Co-author Ken Moon, a professor at Cornell’s SC Johnson College of Business, says the true figure may end up being even higher than 24,000. That’s because of the Trump administration’s nationwide purge of immigrants without legal status, which is making it even harder for nursing homes to find staff. (The nursing-home industry has also complained about this.)
Previous studies have also shown a correlation between higher staffing levels, better care and less abuse of sedatives or “chemical restraints” in nursing homes. However, this is the first to look specifically at the possible impact of the staffing mandates pushed by the Biden administration.
The staffing mandates, which were proposed by the Biden administration in 2024, would have set minimum levels of nursing staff per resident. They were defeated earlier this year as a result of a concerted campaign by the nursing-home industry and its political allies. The rules were blocked by the courts in April and seemingly killed for good by the Trump administration’s One Big Beautiful Bill, which was passed by Republican majorities in both houses of Congress and which the president signed into law earlier this month. The law imposed a moratorium on the rules until 2034.

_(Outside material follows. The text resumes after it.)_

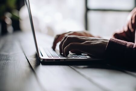 close up hand typing on laptop keyboard when woking at home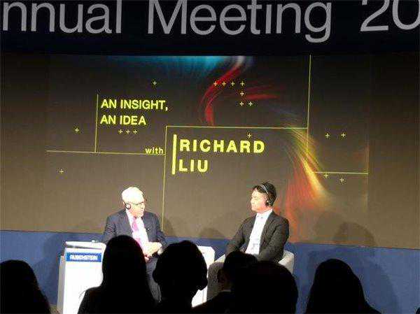 达沃斯当地时间1月24日下午消息,京东集团董事局主席刘强东参加了2018年冬季达沃斯年会的对话环节。被主持人问到京东名称的由来时,刘强东略显尴尬,称是初恋女友的名称与自己名称各取一个字而来。不过尴尬的是,当时刘强东的妻子章泽天就在观众席中。“真希望她没在现场”,刘强东说。

There are inevitable caveats. Nursing homes are still subject to various regulations at the federal and state levels. (How well facilities are monitored and regulations enforced is a subject for debate.) The Biden staffing mandate couldn’t wave a magic wand: Nursing-home operators complained that they already couldn’t find enough staff at prevailing wages and that many of them couldn’t afford the extra workers required, and they warned that some nursing homes would simply close down instead. The 24,000 figure comes from applying the theoretical staffing levels to nursing homes’ 2019 occupancy levels. Obviously, this involves projections and estimates.
In an emailed statement, Holly Harmon of the nursing-home industry’s trade association, AHCA/NCAL, said “our providers are committed to strengthening the long term care workforce, but they need meaningful support.” The industry, she added, urges policymakers to support its “Better Way” policy priorities.
Alas,
one of those includes protecting Medicaid — the main financial support
for America’s nursing homes — from cuts. (The Republican megabill signed
into law by President Donald Trump earlier this month, includes deep
cuts to federal Medicaid spending — more than $1 trillion over 10 years,
according to the Congressional Budget Office).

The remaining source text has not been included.